Records from a collection:
*** Block opens ***

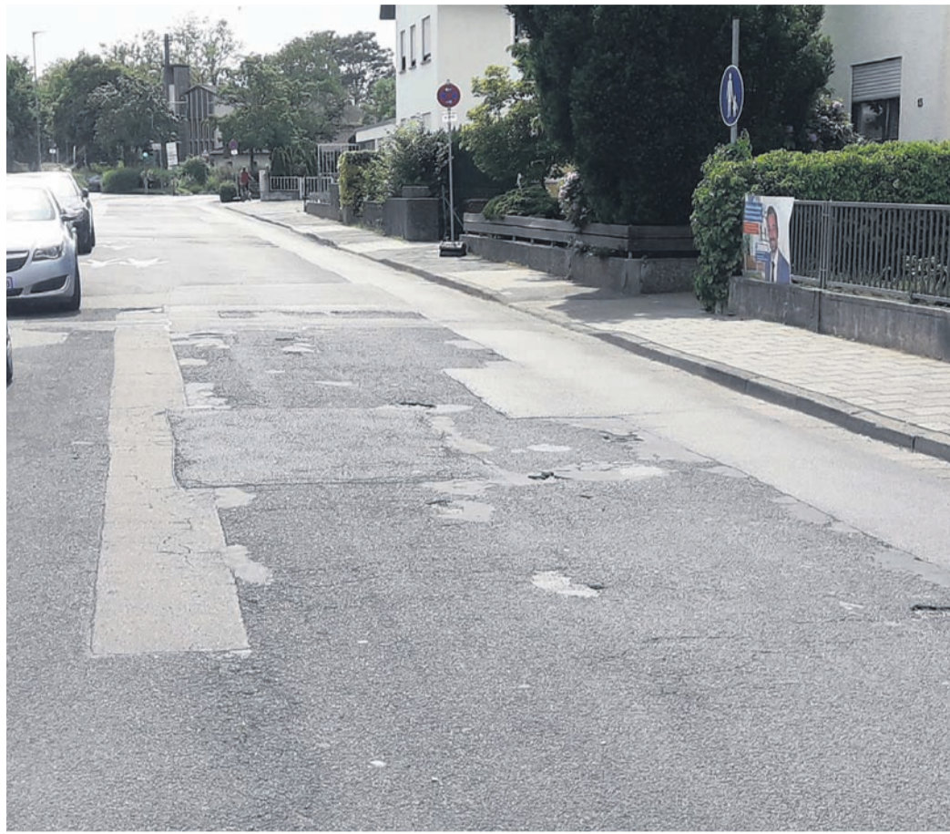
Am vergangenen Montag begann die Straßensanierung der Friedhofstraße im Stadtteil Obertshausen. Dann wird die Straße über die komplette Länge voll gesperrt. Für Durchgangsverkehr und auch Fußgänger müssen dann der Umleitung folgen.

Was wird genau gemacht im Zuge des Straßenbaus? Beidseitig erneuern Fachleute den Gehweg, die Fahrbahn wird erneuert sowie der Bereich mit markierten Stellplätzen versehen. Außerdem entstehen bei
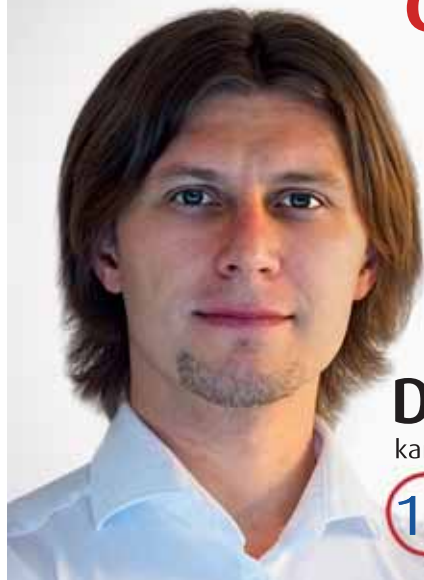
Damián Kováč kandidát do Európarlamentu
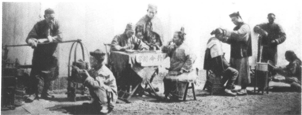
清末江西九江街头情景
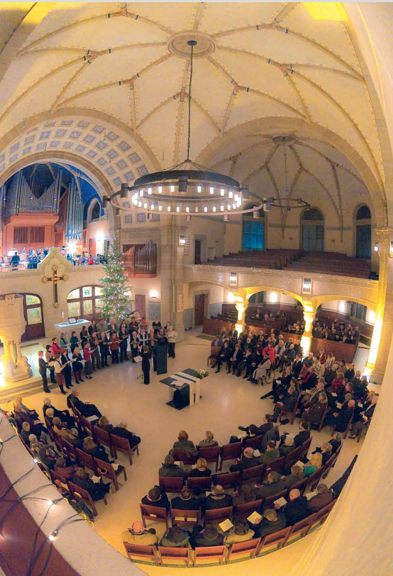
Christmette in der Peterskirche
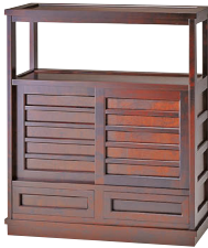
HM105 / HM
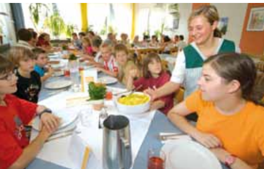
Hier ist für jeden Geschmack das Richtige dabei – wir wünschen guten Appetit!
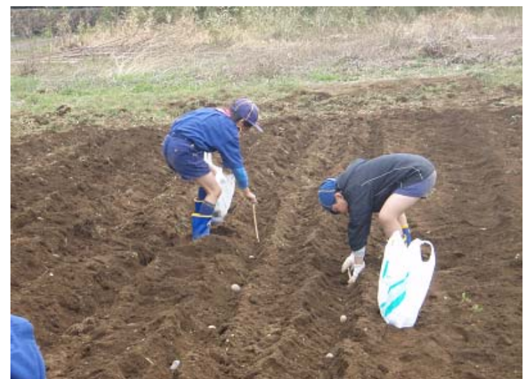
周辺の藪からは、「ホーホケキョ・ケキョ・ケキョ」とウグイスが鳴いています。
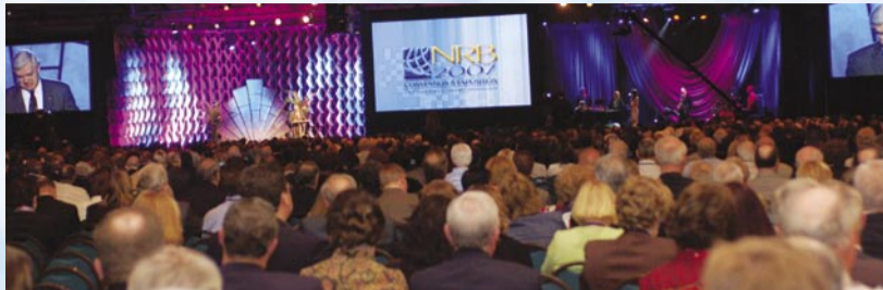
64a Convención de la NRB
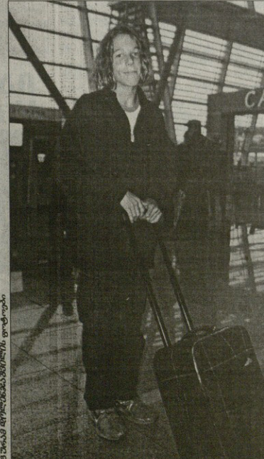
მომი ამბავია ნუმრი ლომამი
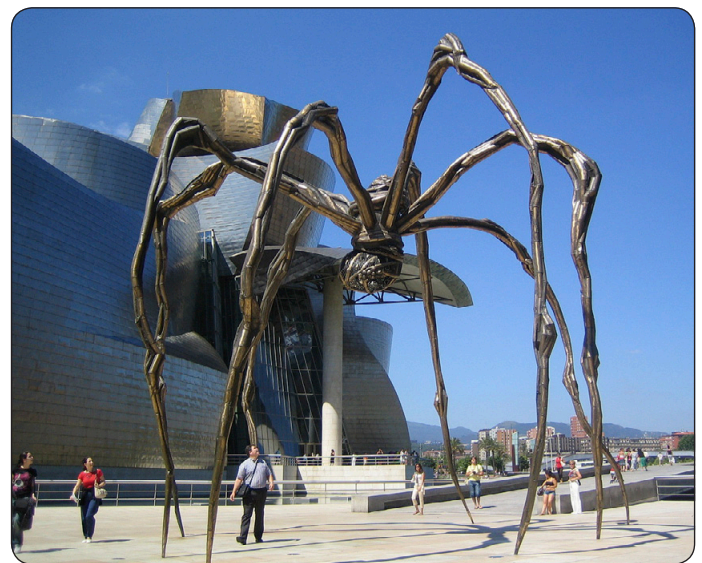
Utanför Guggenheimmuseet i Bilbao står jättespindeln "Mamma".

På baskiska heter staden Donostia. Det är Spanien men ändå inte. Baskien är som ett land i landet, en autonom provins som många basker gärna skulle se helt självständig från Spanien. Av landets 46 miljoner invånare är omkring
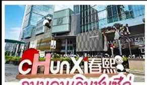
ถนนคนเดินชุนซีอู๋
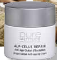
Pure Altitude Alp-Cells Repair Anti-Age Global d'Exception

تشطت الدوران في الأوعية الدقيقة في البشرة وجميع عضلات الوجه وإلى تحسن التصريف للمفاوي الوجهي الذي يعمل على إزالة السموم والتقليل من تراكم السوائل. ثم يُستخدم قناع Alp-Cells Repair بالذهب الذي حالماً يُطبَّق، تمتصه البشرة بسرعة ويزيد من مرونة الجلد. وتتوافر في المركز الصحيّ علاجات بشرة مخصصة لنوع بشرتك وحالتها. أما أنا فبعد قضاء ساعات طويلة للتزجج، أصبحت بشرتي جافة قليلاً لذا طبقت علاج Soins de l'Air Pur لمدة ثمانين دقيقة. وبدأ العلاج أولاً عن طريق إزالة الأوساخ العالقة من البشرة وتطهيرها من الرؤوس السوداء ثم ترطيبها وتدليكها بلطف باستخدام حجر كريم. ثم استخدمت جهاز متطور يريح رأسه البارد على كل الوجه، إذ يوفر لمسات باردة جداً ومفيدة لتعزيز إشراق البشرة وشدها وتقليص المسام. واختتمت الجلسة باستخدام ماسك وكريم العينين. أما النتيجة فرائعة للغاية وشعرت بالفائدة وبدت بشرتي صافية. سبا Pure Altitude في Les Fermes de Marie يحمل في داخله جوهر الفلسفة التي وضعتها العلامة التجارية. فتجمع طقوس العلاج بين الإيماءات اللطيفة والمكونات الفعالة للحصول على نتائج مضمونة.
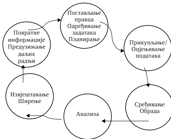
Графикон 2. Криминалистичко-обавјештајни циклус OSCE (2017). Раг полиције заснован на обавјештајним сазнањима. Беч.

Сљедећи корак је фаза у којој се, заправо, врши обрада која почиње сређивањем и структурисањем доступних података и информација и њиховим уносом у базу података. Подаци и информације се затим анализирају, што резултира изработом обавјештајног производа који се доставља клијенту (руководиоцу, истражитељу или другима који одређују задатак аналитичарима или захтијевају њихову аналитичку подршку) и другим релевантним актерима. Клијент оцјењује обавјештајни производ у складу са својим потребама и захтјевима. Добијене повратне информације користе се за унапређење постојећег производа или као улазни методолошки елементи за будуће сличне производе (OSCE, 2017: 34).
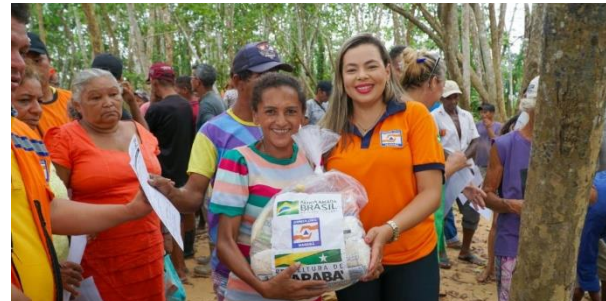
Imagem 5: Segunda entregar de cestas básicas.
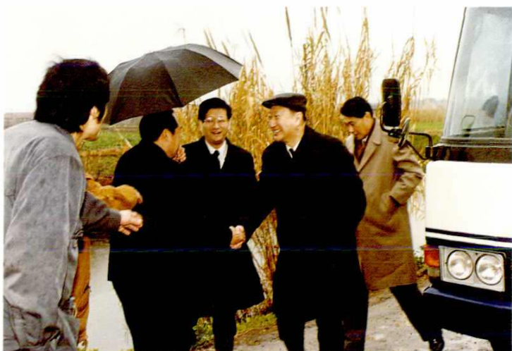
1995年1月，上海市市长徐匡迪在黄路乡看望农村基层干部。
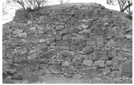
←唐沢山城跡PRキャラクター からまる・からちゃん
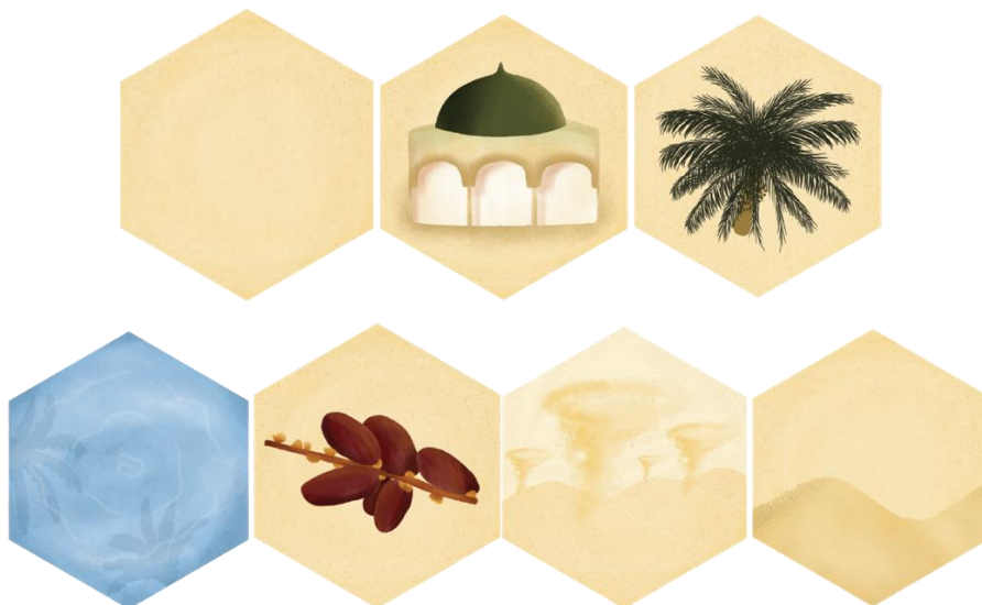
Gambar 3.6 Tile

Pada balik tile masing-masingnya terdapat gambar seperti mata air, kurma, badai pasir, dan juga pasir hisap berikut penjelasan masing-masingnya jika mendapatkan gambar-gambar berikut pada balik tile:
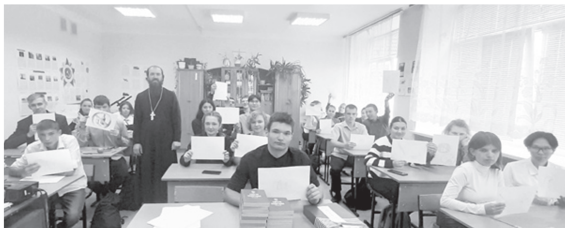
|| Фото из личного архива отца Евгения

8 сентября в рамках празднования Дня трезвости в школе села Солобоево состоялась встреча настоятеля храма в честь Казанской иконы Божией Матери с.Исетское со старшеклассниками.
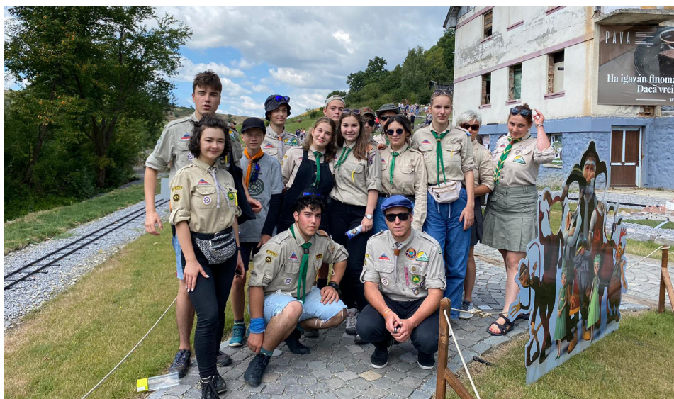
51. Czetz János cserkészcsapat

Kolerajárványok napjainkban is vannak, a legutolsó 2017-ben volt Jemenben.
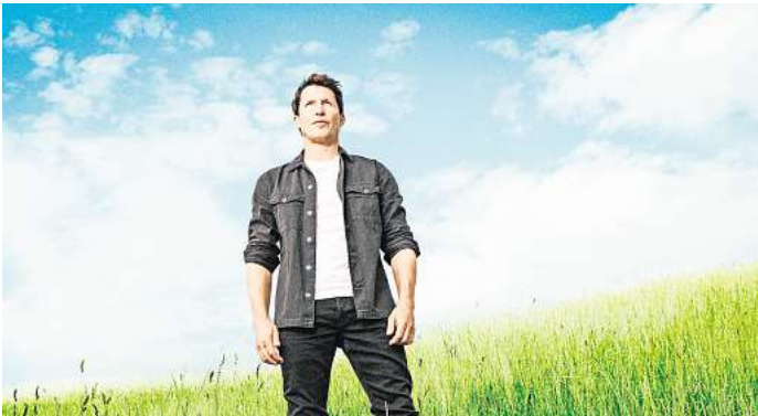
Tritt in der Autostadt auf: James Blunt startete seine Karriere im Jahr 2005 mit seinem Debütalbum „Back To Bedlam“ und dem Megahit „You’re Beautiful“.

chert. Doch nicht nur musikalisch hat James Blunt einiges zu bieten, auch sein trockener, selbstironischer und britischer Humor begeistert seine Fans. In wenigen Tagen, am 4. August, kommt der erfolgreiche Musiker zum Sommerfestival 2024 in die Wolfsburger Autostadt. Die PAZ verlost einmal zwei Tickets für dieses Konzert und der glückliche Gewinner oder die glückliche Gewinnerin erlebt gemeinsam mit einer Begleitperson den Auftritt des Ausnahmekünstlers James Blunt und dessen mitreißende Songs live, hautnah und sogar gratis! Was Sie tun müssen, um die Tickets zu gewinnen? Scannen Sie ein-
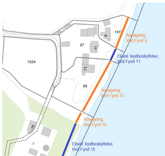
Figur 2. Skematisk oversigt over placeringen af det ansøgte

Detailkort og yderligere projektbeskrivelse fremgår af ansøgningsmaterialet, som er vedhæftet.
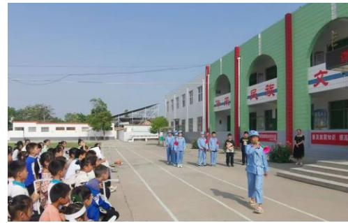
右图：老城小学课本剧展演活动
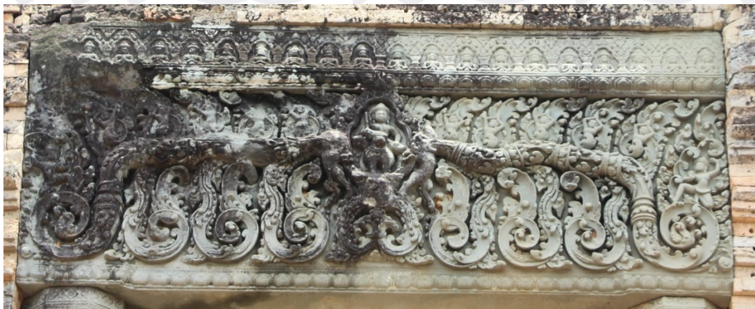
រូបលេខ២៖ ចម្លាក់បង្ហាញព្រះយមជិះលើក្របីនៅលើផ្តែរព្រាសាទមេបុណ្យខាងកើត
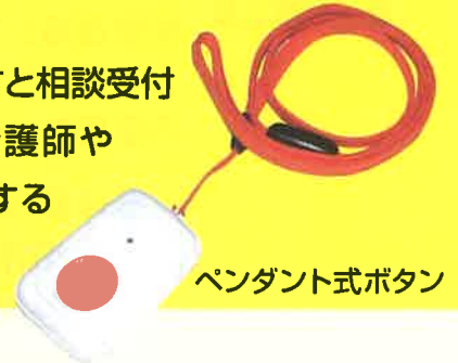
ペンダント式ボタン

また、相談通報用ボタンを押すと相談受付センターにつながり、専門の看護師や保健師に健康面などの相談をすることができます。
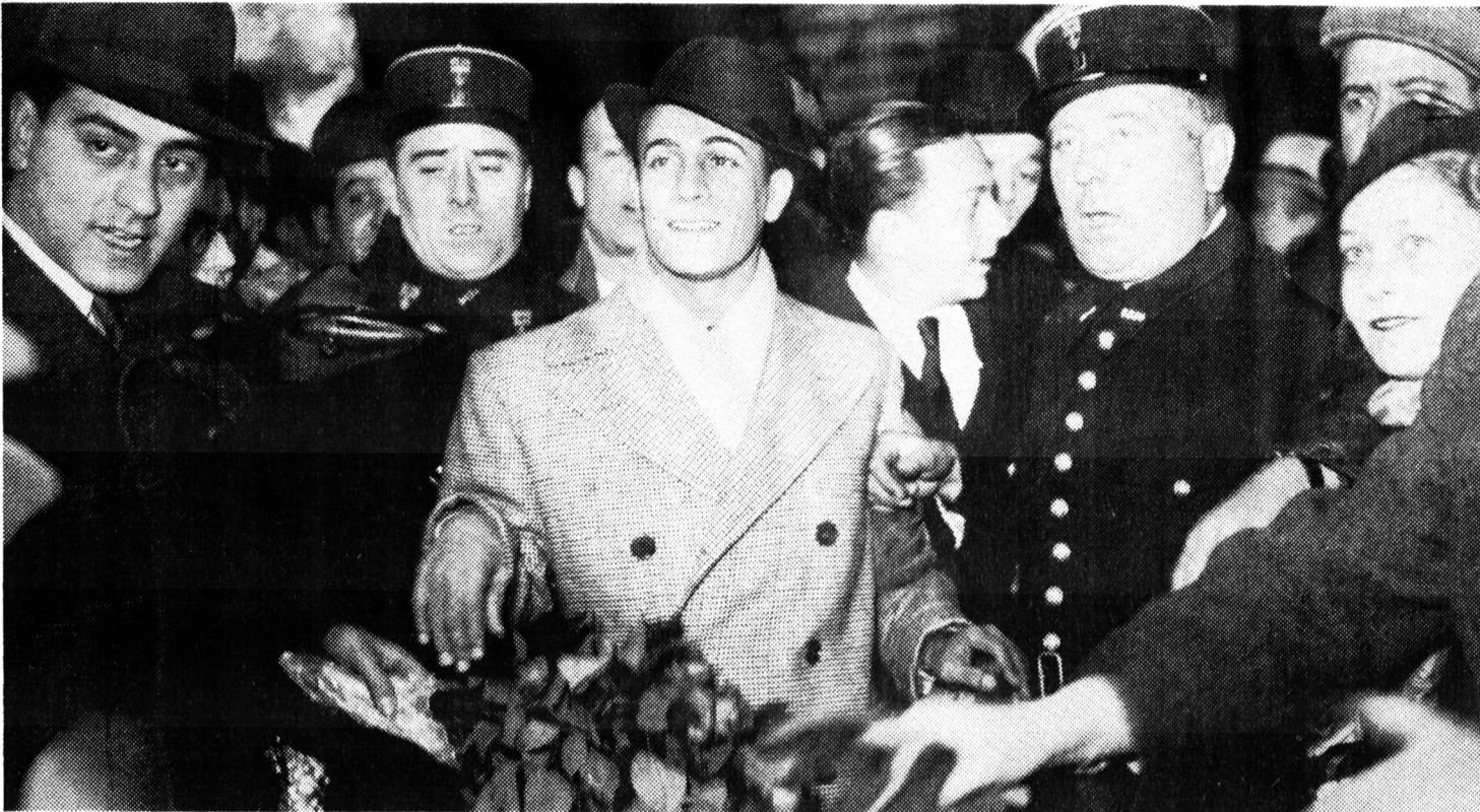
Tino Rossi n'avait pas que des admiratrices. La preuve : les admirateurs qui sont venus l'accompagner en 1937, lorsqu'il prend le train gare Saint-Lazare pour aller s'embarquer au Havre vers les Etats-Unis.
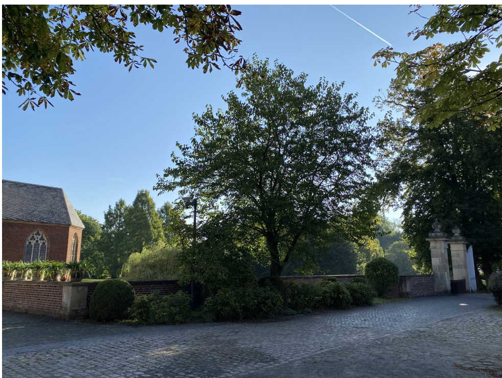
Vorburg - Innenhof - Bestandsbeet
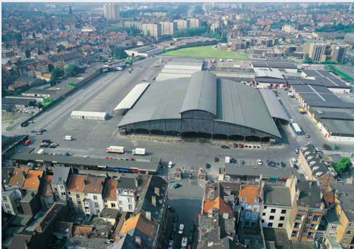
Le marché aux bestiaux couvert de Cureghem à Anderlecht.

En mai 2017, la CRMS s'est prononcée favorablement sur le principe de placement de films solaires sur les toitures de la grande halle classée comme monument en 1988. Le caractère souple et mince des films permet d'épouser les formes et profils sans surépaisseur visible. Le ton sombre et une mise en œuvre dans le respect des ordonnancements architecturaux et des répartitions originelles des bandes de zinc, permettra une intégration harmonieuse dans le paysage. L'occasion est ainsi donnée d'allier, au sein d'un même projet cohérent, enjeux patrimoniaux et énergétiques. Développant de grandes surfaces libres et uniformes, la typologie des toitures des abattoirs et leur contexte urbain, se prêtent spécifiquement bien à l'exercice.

*** Block closes ***

**TASK:**
State the count of lines above containing the string "wird", and add nothing to it.

**OUTPUT BELOW:**
2